----- Listed entries -----

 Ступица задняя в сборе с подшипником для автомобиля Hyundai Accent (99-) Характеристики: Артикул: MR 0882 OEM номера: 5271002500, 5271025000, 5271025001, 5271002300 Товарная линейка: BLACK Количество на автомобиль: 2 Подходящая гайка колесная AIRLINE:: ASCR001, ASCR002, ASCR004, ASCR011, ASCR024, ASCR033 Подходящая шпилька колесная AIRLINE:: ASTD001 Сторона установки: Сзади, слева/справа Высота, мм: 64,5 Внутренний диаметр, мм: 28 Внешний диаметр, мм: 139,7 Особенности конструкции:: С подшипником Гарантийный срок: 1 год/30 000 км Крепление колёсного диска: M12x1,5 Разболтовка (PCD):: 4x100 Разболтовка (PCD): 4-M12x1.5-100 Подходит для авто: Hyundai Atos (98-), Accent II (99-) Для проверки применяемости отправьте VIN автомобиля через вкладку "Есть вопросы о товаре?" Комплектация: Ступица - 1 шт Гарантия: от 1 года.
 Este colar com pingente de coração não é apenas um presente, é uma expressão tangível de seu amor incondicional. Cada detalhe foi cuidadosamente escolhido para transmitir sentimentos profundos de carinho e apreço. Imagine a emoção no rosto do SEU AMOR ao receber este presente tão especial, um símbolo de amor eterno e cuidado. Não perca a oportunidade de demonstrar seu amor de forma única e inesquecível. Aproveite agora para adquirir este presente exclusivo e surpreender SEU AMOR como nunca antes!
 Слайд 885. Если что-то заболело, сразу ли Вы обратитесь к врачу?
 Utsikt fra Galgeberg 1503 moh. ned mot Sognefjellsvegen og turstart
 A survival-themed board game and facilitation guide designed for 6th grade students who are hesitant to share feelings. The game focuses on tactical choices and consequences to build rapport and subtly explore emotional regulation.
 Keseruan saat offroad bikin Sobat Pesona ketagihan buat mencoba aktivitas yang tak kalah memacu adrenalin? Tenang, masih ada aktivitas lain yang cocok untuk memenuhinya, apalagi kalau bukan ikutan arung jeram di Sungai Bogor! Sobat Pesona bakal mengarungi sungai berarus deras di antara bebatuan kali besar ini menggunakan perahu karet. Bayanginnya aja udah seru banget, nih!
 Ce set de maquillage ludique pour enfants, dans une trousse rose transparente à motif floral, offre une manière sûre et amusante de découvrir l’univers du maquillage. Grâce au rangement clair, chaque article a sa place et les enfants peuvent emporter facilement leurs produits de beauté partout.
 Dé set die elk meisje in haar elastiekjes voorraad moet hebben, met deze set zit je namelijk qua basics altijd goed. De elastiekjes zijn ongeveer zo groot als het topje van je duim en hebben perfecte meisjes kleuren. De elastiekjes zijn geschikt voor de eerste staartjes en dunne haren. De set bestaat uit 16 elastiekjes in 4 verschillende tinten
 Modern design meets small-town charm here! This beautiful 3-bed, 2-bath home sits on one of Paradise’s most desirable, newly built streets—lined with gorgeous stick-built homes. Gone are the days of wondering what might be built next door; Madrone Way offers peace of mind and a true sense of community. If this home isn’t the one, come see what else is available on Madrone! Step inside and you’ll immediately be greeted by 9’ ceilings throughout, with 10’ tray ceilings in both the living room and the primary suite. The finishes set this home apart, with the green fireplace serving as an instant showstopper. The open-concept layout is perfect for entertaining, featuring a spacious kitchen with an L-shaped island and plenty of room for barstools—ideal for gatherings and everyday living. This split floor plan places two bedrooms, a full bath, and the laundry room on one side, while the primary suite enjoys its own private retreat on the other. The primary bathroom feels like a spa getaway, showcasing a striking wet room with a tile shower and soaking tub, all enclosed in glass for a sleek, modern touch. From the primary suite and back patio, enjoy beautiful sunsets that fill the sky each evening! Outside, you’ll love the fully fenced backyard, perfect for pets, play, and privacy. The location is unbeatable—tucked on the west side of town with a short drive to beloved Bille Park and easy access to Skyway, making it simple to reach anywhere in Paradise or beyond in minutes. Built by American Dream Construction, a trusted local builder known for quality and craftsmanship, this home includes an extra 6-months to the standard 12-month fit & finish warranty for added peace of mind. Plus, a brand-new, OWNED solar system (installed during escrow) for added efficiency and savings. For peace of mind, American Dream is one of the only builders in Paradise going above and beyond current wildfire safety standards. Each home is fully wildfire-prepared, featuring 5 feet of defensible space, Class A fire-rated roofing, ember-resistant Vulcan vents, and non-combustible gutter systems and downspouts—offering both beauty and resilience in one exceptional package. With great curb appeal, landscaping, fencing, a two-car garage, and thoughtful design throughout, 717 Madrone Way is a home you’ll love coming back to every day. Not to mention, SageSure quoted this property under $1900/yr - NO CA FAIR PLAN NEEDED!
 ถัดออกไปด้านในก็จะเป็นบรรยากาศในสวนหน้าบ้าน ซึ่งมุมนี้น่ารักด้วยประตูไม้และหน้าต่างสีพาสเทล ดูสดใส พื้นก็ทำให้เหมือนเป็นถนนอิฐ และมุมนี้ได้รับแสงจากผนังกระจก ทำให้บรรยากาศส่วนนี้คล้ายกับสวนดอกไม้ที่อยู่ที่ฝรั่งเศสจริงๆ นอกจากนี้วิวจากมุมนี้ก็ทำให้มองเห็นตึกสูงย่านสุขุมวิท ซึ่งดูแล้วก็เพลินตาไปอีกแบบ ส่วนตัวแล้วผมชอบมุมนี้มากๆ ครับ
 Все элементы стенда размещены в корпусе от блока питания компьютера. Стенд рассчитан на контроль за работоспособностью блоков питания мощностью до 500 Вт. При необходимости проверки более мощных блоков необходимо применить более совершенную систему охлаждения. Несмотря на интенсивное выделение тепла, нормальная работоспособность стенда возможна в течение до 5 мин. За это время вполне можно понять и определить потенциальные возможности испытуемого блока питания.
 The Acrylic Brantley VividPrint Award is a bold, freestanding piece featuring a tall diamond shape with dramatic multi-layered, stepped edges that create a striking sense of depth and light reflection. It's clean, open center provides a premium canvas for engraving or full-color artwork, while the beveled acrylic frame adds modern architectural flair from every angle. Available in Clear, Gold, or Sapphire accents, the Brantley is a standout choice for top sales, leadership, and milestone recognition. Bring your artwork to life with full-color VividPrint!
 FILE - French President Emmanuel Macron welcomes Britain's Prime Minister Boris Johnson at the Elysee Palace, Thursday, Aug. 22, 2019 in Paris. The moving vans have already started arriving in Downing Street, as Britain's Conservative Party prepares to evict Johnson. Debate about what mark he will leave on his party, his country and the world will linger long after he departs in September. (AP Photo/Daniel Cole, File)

-----

* What the task requires *
As the answer, set down only the lines from the data above between the one holding "Keseruan saat offroad" and the one holding "Ce set de maquillage", inclusive, exactly as they read.

* Task result *
 Keseruan saat offroad bikin Sobat Pesona ketagihan buat mencoba aktivitas yang tak kalah memacu adrenalin? Tenang, masih ada aktivitas lain yang cocok untuk memenuhinya, apalagi kalau bukan ikutan arung jeram di Sungai Bogor! Sobat Pesona bakal mengarungi sungai berarus deras di antara bebatuan kali besar ini menggunakan perahu karet. Bayanginnya aja udah seru banget, nih!
 Ce set de maquillage ludique pour enfants, dans une trousse rose transparente à motif floral, offre une manière sûre et amusante de découvrir l’univers du maquillage. Grâce au rangement clair, chaque article a sa place et les enfants peuvent emporter facilement leurs produits de beauté partout.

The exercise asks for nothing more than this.